The answer is an exact repeat of the entries below, with the pictures omitted.

[Stored items]
****

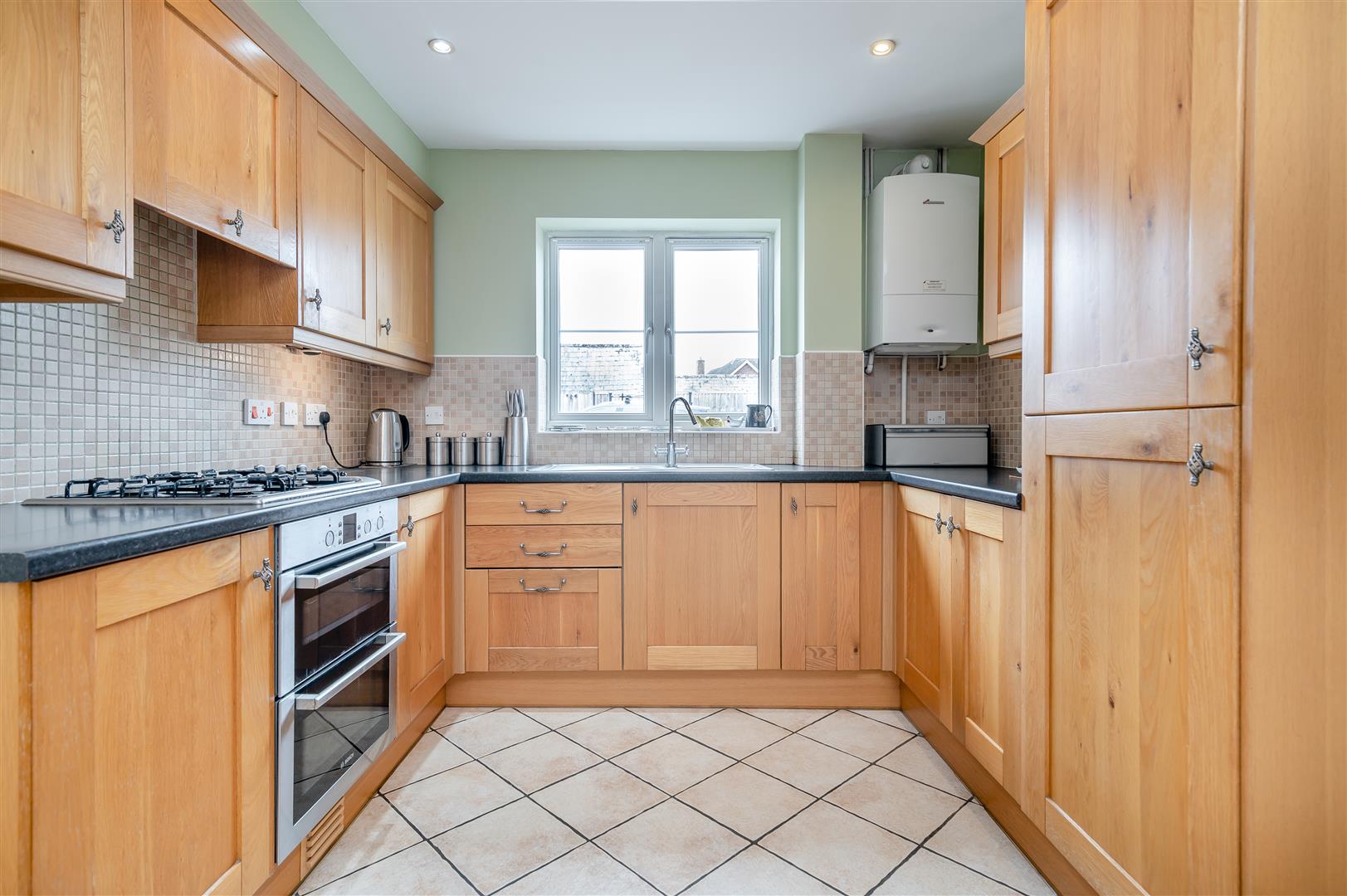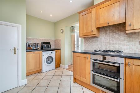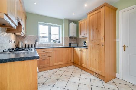 Kitchen - 4.17m x 2.84m (13'8 x 9'4) - Door to under stairs storage cupboard. The kitchen comprises of a range of base and wall mounted units with laminated worktops and tiled splashbacks, one and a half bowl stainless steel sink unit with mixer tap, integrated fridge and freezer, integrated dishwasher, plumbing for washing machine, integrated double oven with four ring gas hob and extractor fan over, tiled floor, inset spotlighting, Worcester LPG-fired boiler supplying the hot water and central heating (boiler to be replaced by the current vendors before completion of sale). Opening through to:
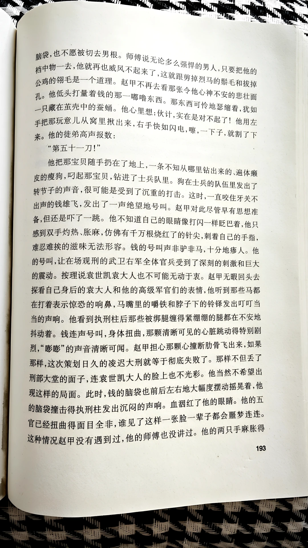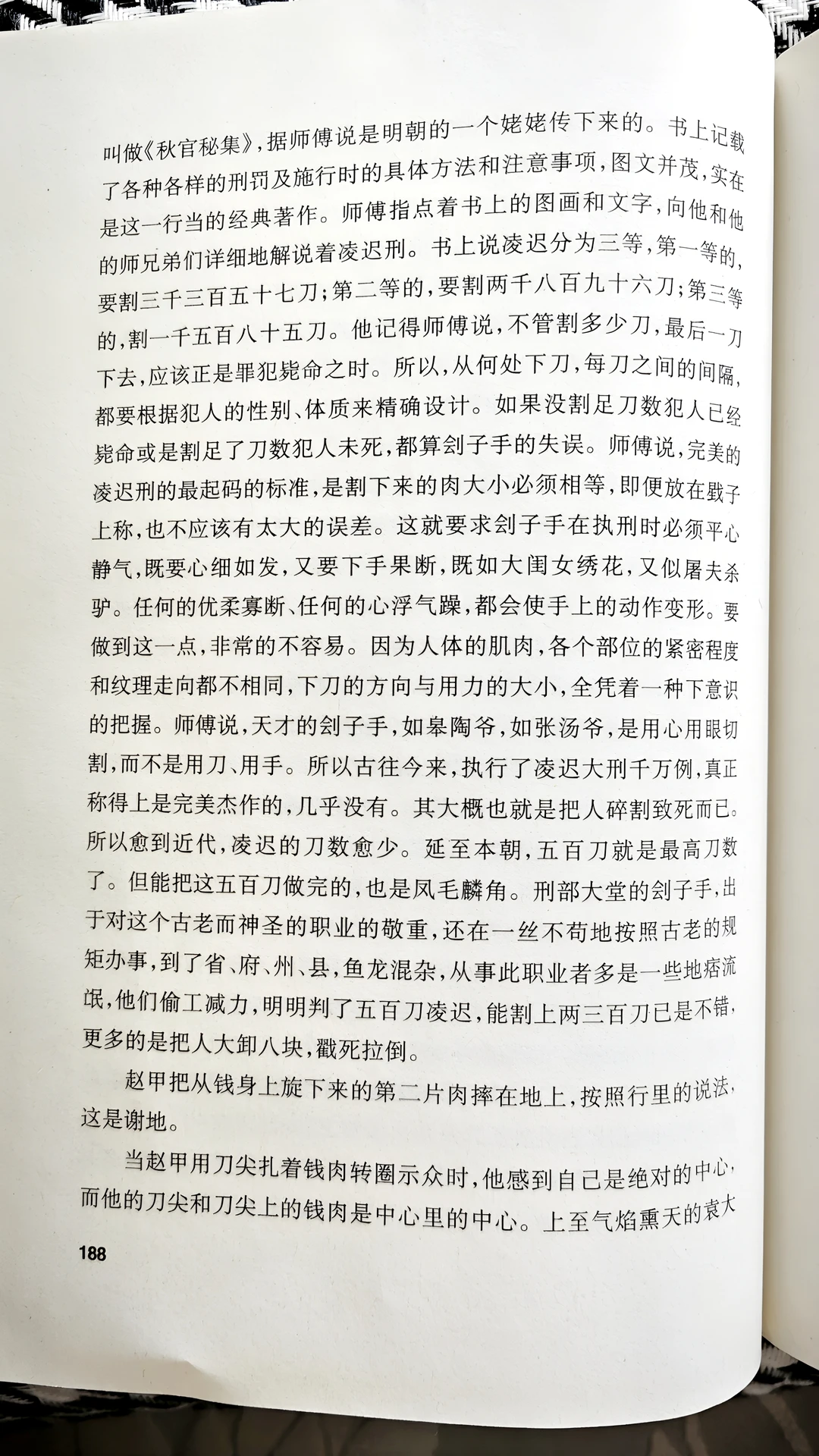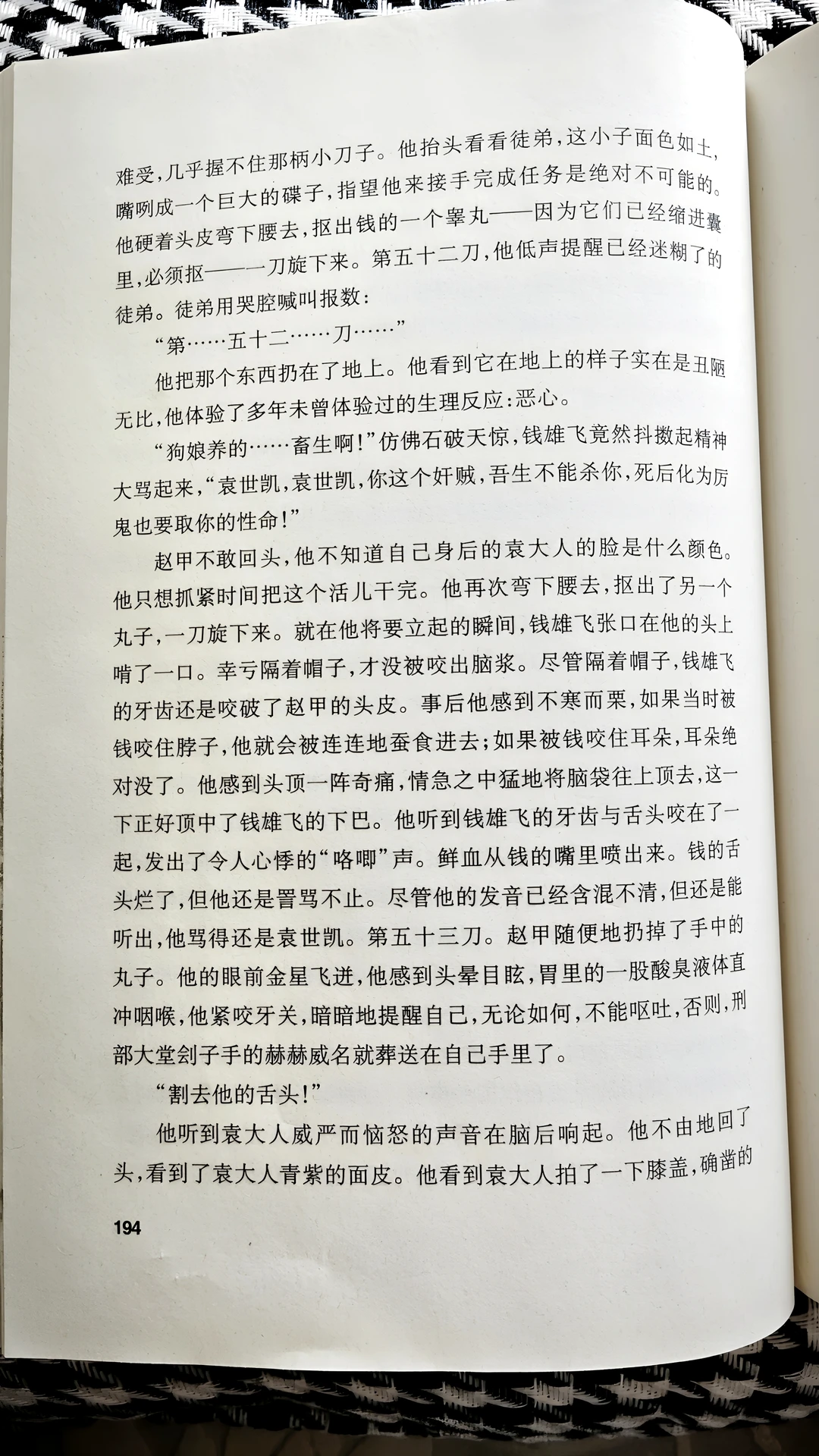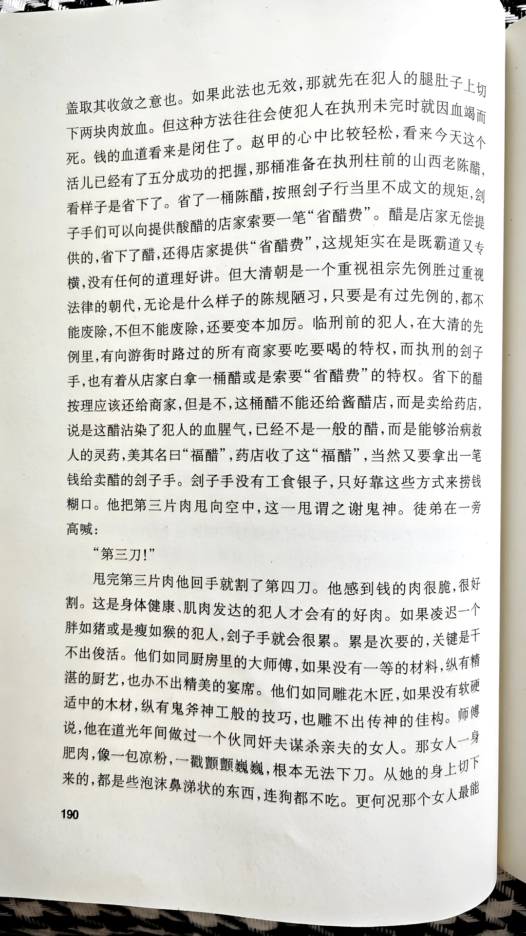 这段内容,是莫言的《檀香刑》里对古代酷刑“凌迟”的还原。刽子手赵甲是刑法执行者,他将杀人变成了“艺术”[石化R] 受刑者是行刺袁世凯未遂的钱雄飞。刑罚的核心要求是: 1.精准(肉片大小均匀)、2.足量(本次刑量定为五百刀,这是清代最高规格)、3.致死(直到最后一刀才能让犯人致命)。 赵甲先猛拍钱雄飞的心窝一掌,封闭钱雄飞的血脉,减缓血液循环,防止大出血,保证行刑过程的清晰度。 从右胸开始,以“鱼鳞割”的手法,每刀旋下铜钱大小的肉片,挑在刀尖示众(谢天、谢地、谢鬼神),并由徒弟高声报数。 然后是四肢与躯干,依次割削双臂、双腿、腹肌及臀部肌肉。过程中赵甲需控制手速与力度,确保在未毙命的前提下完成既定刀数。 身体切割接近尾声后,接着是五官剥夺,进行最后六刀的收尾。依次割下左耳、右耳、双眼、鼻子。 最后第五百刀刺中心脏,挑出心头肉展示,完成行刑。 中途因为袁世凯下令“割去舌头”打乱了程序,刽子手赵甲临时采取泼水封喉、割舌的应急手段,并通过自残大腿提神,强行完成了五百刀的定额。 莫言的这段描述已经超越了单纯的感官刺激, 他对每一刀的部位、形状、分量都精准描写,这种近乎科学的冷静叙述,与残酷的肉体伤害形成强烈反差,产生了一种惊悚的审美距离。 全程大量运用了视觉(“鲜红如枣”、“黑色暗血如熬糊的糖稀”)、听觉(“嗞嗞”声、“嘭嘭”心跳声)、触觉(“肉脆”、“灼热”)等多重感官叠加,将我们强行拉入到刑场现场,感觉到了一种沉浸式观刑体验。 赵甲追求的不是杀戮的快感,而是“完美的杰作”与“不能亵渎大清律令”。 钱雄飞则从视死如归到绝望嘶吼,以及士兵、官员面对血腥时的惊恐,这种种极端的情绪与感官刺激相互缠绕,最终在猫腔凄厉的调子里,凝成了一声穿透历史、令人不寒而栗的叹息。 大量使用直白、粗粝甚至带有生理不适感的词汇,拒绝粉饰刑法细节,以最原始的语言冲击力,完成从肉体施虐向精神拷问的剧烈升华 。
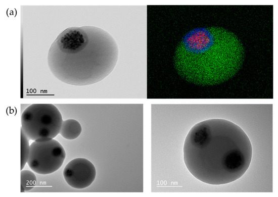 (a) STEM image (left) and EDX elemental mapping (right) of a representative magnetic silica/PS monopod (red, blue and green pixels represent iron, silicon and carbon, respectively) corresponding to the entry #3.6 of Table 3; (b) TEM images of PS particles with several magnetic patches as obtained after assembly of the magnetic monopods, corresponding to entry #3.6 of Table 3 collected at t = 30 min, using the optimal conditions as defined in entry #2.4 of Table 2.
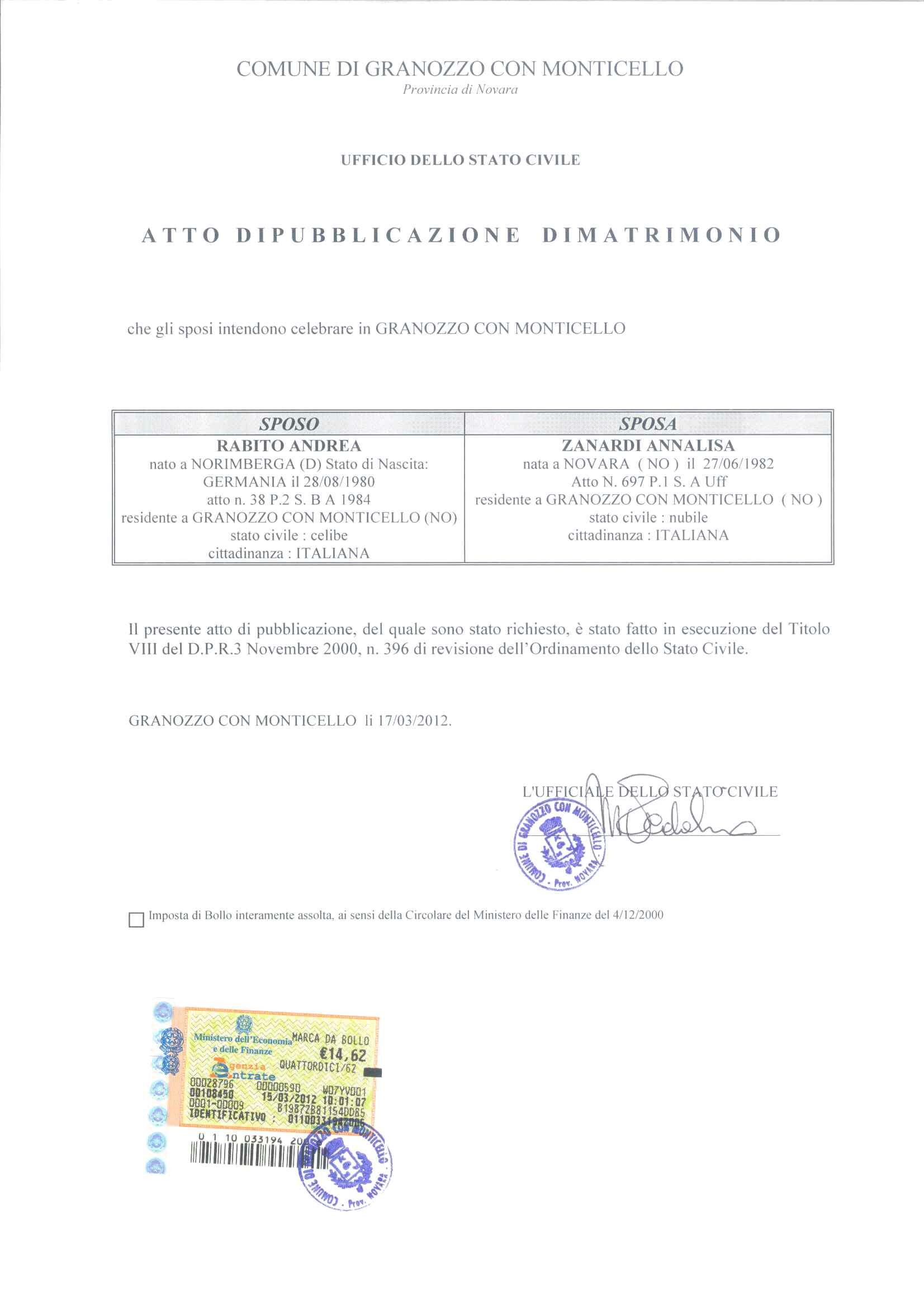 PUBBLICAZIONI DI MATRIMONIO RABITO/ZANARDI
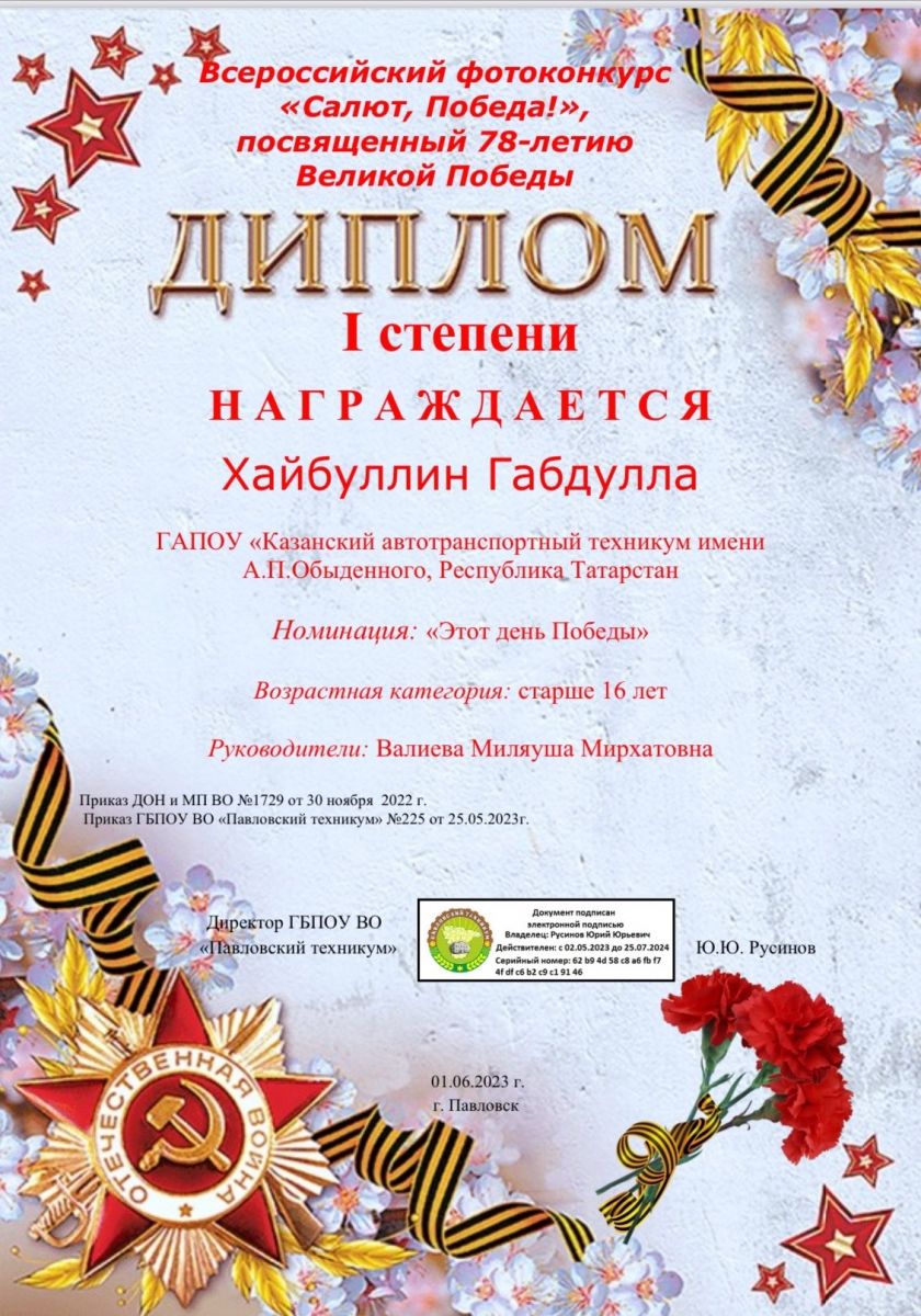 Поздравляем Хайбуллина Габдуллу и Валиеву Миляушу Мирхатовну с победой!
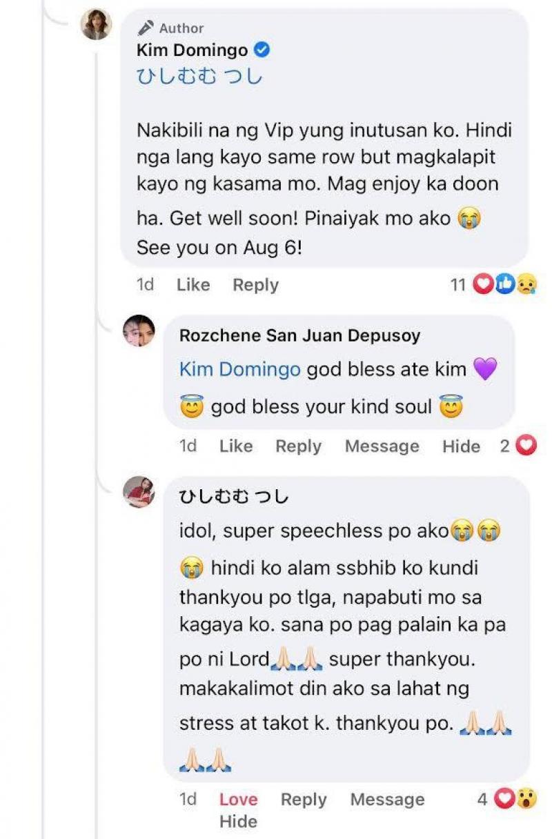 Sagot ni Kim, “Aww! Ako na bahala sa kasama mo manood. Magpabili ako ng ticket niya. Kapag hindi mo kaya 'wag mo pilitin ha. Pero see you! [pray at heart emoji].”

****

Finished exercise
 Kitchen - 4.17m x 2.84m (13'8 x 9'4) - Door to under stairs storage cupboard. The kitchen comprises of a range of base and wall mounted units with laminated worktops and tiled splashbacks, one and a half bowl stainless steel sink unit with mixer tap, integrated fridge and freezer, integrated dishwasher, plumbing for washing machine, integrated double oven with four ring gas hob and extractor fan over, tiled floor, inset spotlighting, Worcester LPG-fired boiler supplying the hot water and central heating (boiler to be replaced by the current vendors before completion of sale). Opening through to:
 这段内容,是莫言的《檀香刑》里对古代酷刑“凌迟”的还原。刽子手赵甲是刑法执行者,他将杀人变成了“艺术”[石化R] 受刑者是行刺袁世凯未遂的钱雄飞。刑罚的核心要求是: 1.精准(肉片大小均匀)、2.足量(本次刑量定为五百刀,这是清代最高规格)、3.致死(直到最后一刀才能让犯人致命)。 赵甲先猛拍钱雄飞的心窝一掌,封闭钱雄飞的血脉,减缓血液循环,防止大出血,保证行刑过程的清晰度。 从右胸开始,以“鱼鳞割”的手法,每刀旋下铜钱大小的肉片,挑在刀尖示众(谢天、谢地、谢鬼神),并由徒弟高声报数。 然后是四肢与躯干,依次割削双臂、双腿、腹肌及臀部肌肉。过程中赵甲需控制手速与力度,确保在未毙命的前提下完成既定刀数。 身体切割接近尾声后,接着是五官剥夺,进行最后六刀的收尾。依次割下左耳、右耳、双眼、鼻子。 最后第五百刀刺中心脏,挑出心头肉展示,完成行刑。 中途因为袁世凯下令“割去舌头”打乱了程序,刽子手赵甲临时采取泼水封喉、割舌的应急手段,并通过自残大腿提神,强行完成了五百刀的定额。 莫言的这段描述已经超越了单纯的感官刺激, 他对每一刀的部位、形状、分量都精准描写,这种近乎科学的冷静叙述,与残酷的肉体伤害形成强烈反差,产生了一种惊悚的审美距离。 全程大量运用了视觉(“鲜红如枣”、“黑色暗血如熬糊的糖稀”)、听觉(“嗞嗞”声、“嘭嘭”心跳声)、触觉(“肉脆”、“灼热”)等多重感官叠加,将我们强行拉入到刑场现场,感觉到了一种沉浸式观刑体验。 赵甲追求的不是杀戮的快感,而是“完美的杰作”与“不能亵渎大清律令”。 钱雄飞则从视死如归到绝望嘶吼,以及士兵、官员面对血腥时的惊恐,这种种极端的情绪与感官刺激相互缠绕,最终在猫腔凄厉的调子里,凝成了一声穿透历史、令人不寒而栗的叹息。 大量使用直白、粗粝甚至带有生理不适感的词汇,拒绝粉饰刑法细节,以最原始的语言冲击力,完成从肉体施虐向精神拷问的剧烈升华 。
 (a) STEM image (left) and EDX elemental mapping (right) of a representative magnetic silica/PS monopod (red, blue and green pixels represent iron, silicon and carbon, respectively) corresponding to the entry #3.6 of Table 3; (b) TEM images of PS particles with several magnetic patches as obtained after assembly of the magnetic monopods, corresponding to entry #3.6 of Table 3 collected at t = 30 min, using the optimal conditions as defined in entry #2.4 of Table 2.
 PUBBLICAZIONI DI MATRIMONIO RABITO/ZANARDI
 Поздравляем Хайбуллина Габдуллу и Валиеву Миляушу Мирхатовну с победой!
 Sagot ni Kim, “Aww! Ako na bahala sa kasama mo manood. Magpabili ako ng ticket niya. Kapag hindi mo kaya 'wag mo pilitin ha. Pero see you! [pray at heart emoji].”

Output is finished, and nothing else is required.